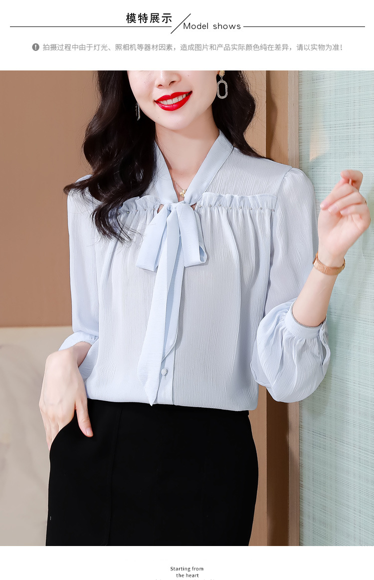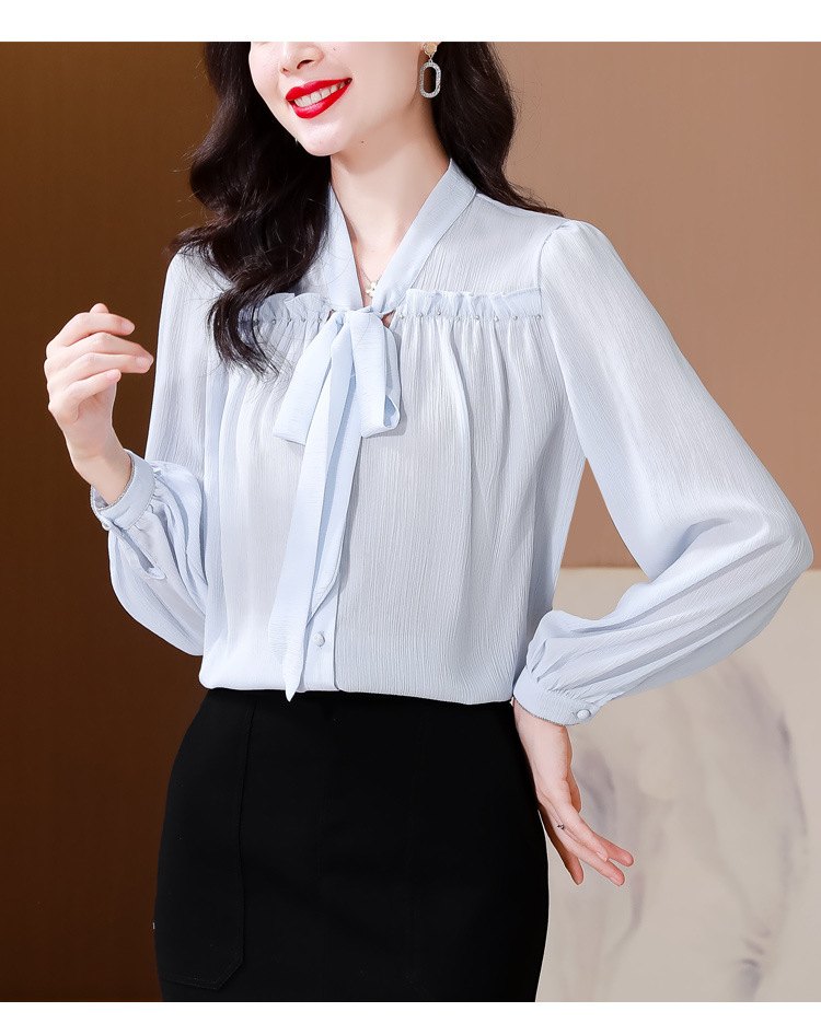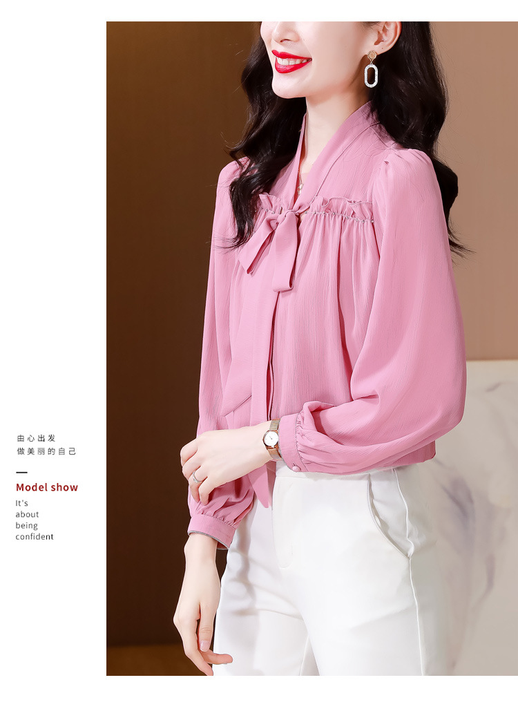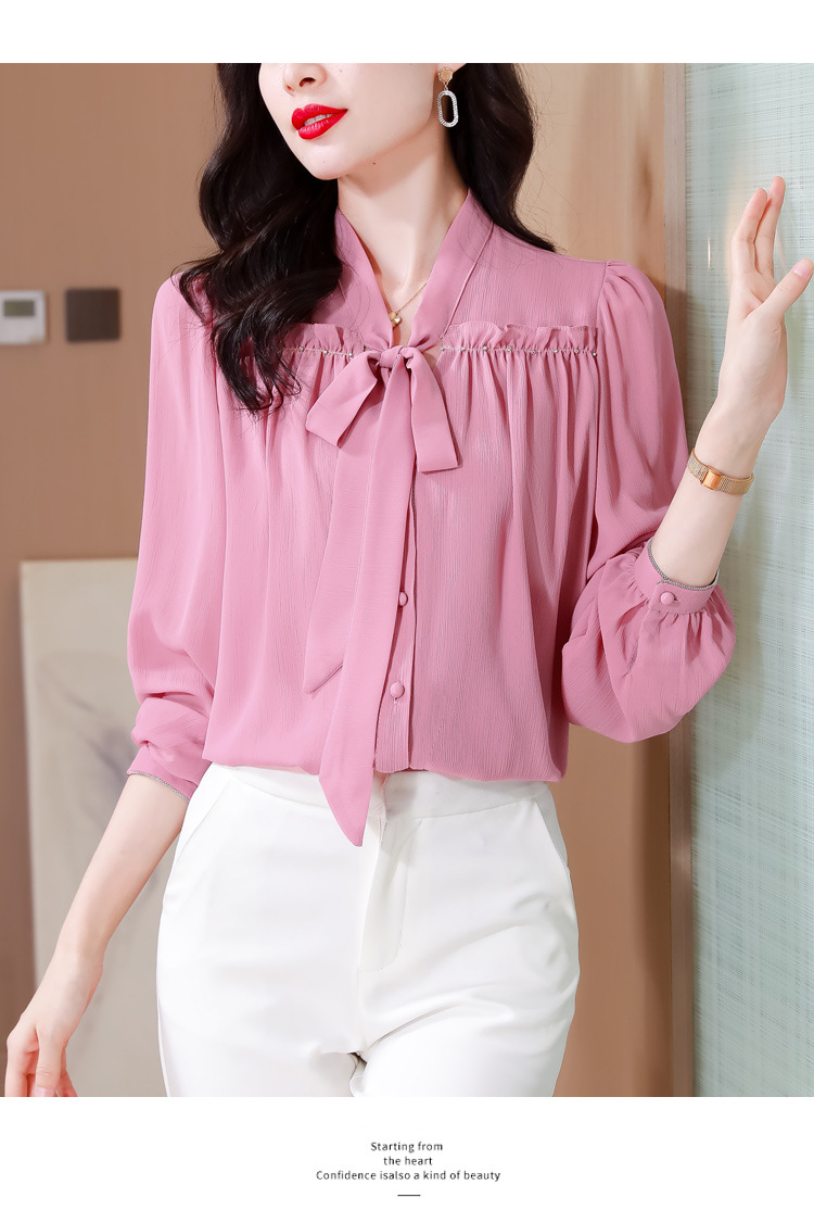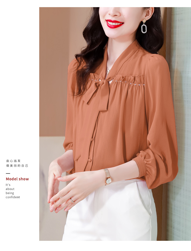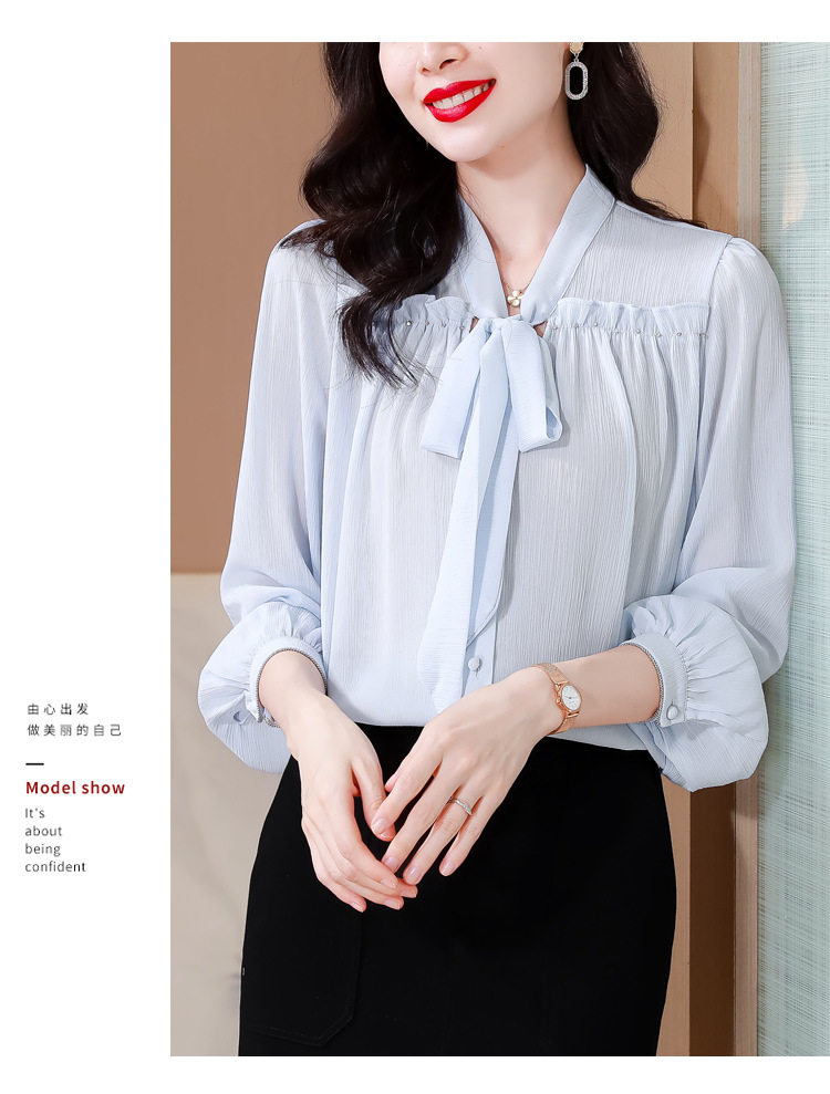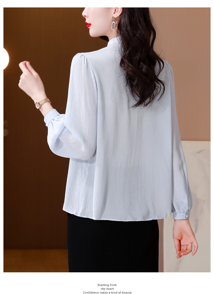 중년 어머니의 쉬폰 셔츠 최고 여성 봄 2024 뉴 에이지-프랑스 세련된 아름다운 긴 소매 셔츠 패션 감소
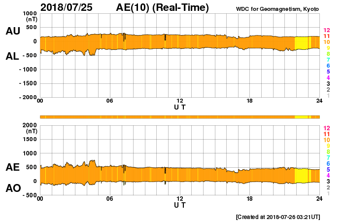 (c) SDO (NASA) ![]() SDO衛星による太陽の可視光写真 (c) SDO (NASA) ![]() DSCOVRが観測した太陽風の磁場(1番上の枠、黒線は全体の強度、赤線は南北成分) および、太陽風の密度(3番目の紫線)、速度(4番目の青線) (c) データ:NOAA/SWPC、作図:宇宙天気ニュース ![]() AE指数(速報値) 下段のAEグラフの値が高くなると、オーロラ活動が活発化しています。 (c) 京都大学WDC ![]() ![]() 27日の太陽周期に合わせたデータプロット 太陽が同じ面を地球に向けていた27日前の変化から、今後を予想することができます。 (c) 作図:宇宙天気ニュース
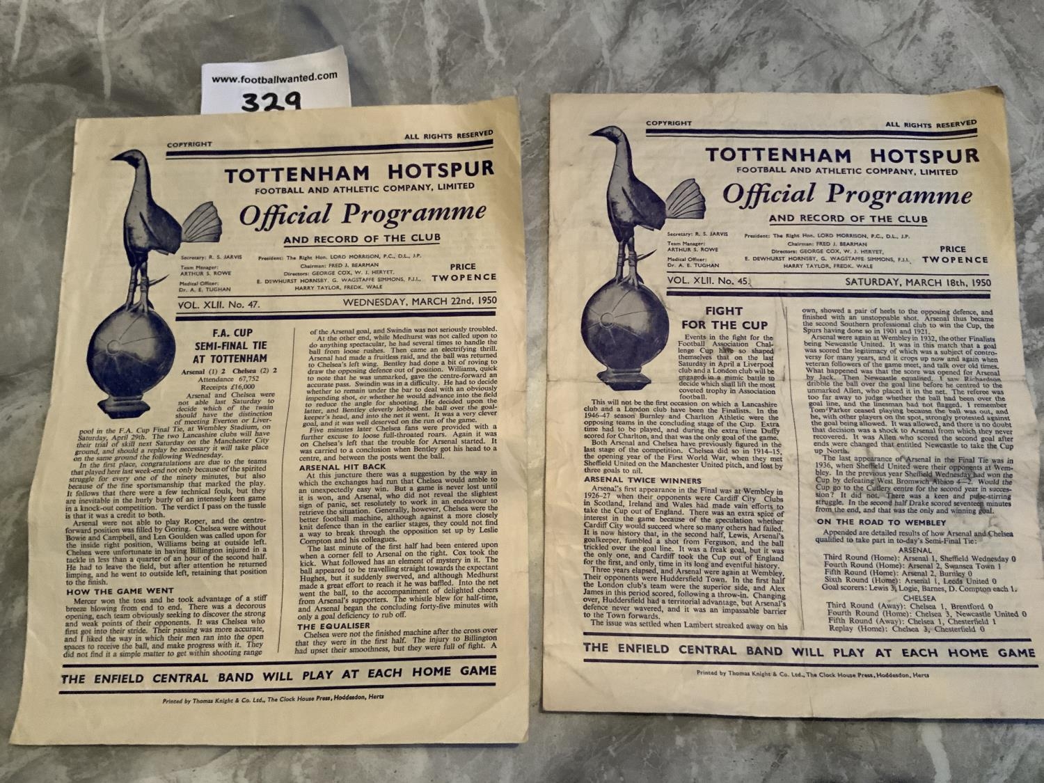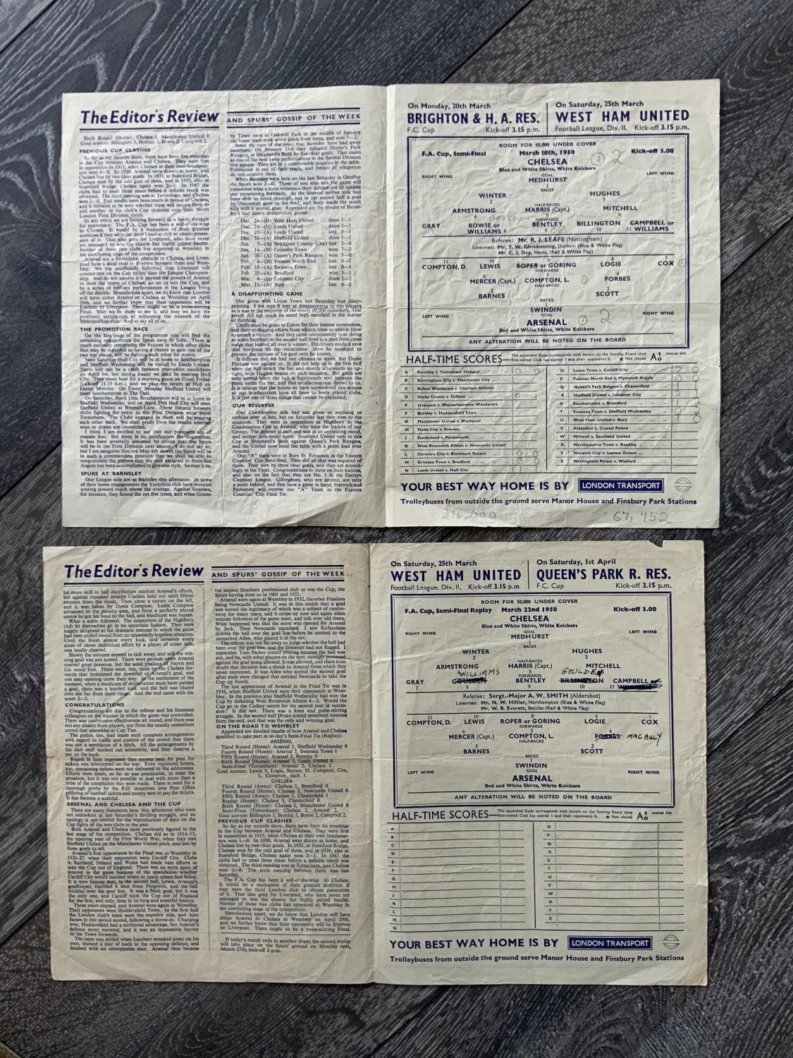 1950 FA Cup Semi Final Football Programmes: Chelsea v Arsenal 18 3 with creasing plus replay 4 days later in good condition with team changes. Both played at Tottenham. (2)
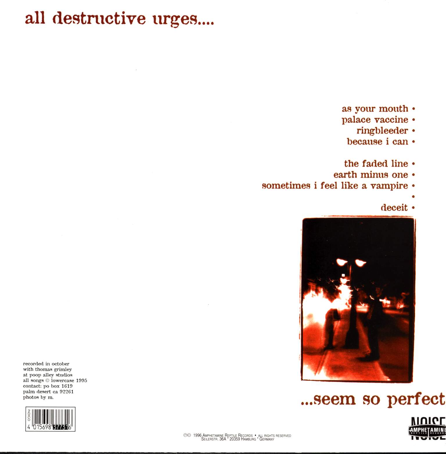 1 x LP VinylAll Destructive Urges......Seem So Perfect
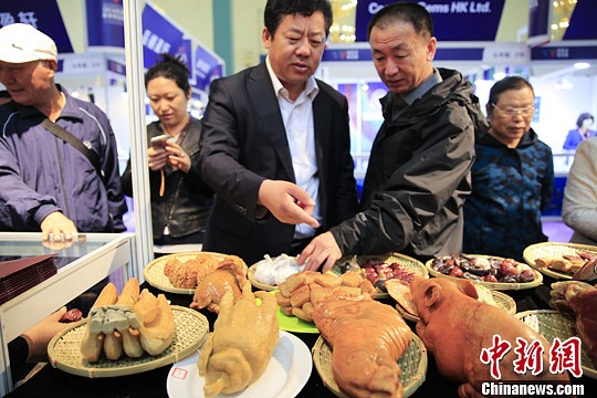 图为展出的奇石吸引不少顾客。中新社发 赵隽 摄

§ Assigned task
Please copy exactly the lines from the one containing "1 x LP VinylAll" through the last line of the records, both ends included, and leave out any pictures.

§ Problem solution
 1 x LP VinylAll Destructive Urges......Seem So Perfect
 图为展出的奇石吸引不少顾客。中新社发 赵隽 摄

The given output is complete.